250 is insane! I have guitar amps that aren't that high. I've got a 15 gallon (20 gallon footprint, low tank) for my BP, and I'm only using 25 watt bulbs. Granted, I primarily use them as a light source, with a UTH providing most of the heat, but still. One 25 watt daylight bulb and two 25 watt moonlight bulbs. Unless this guy lives at the south pole, 250 isn't a heat lamp, it's a freakin broiler?

----------


## WarriorPrincess90

75 watts is more than enough to heat a 20 gallon tank. I use them on mine for ambient temps. But I also have lower wattage for warmer months since my kids also have UTHs on thermostats.
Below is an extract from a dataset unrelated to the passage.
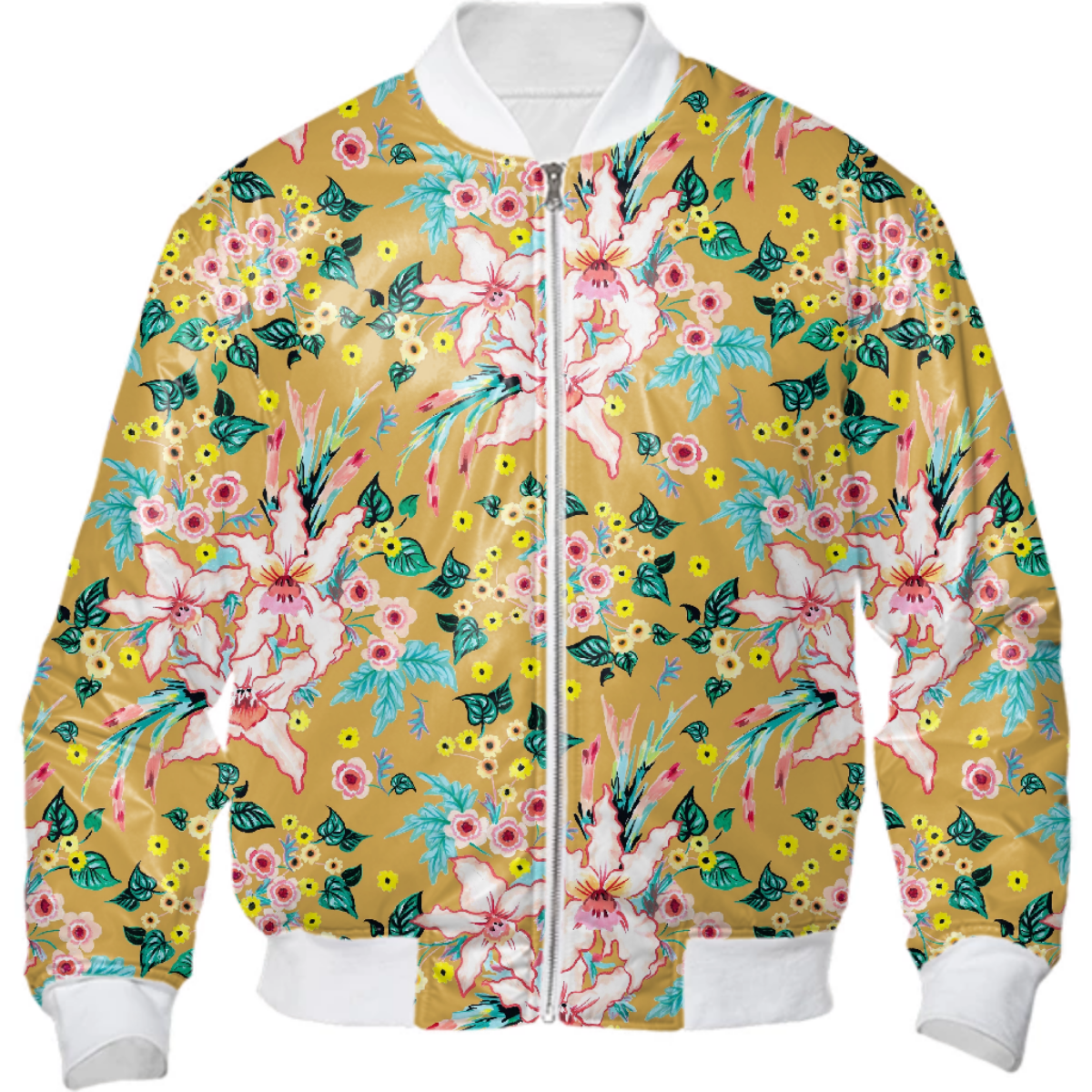 Light weight bombr jacket with your choice of white or black ribbing slight padding zip up front and side pockets. The inside is adorned with PAOM straps for swinging over your shoulders so you dont have to hold it.

If you have both, you can go with a 60 watt and it will keep it nice and toasty. That is...if you keep your home in the 70s. lol.

----------


## kitedemon

250w seems hight to me as well. I have used for bearded dragons a 150 in a very cool room (60ºF) to get 100ºF so 250 seems quite hot. I suspect it could work if it was hung away from the top and perhaps a dimmer as well. 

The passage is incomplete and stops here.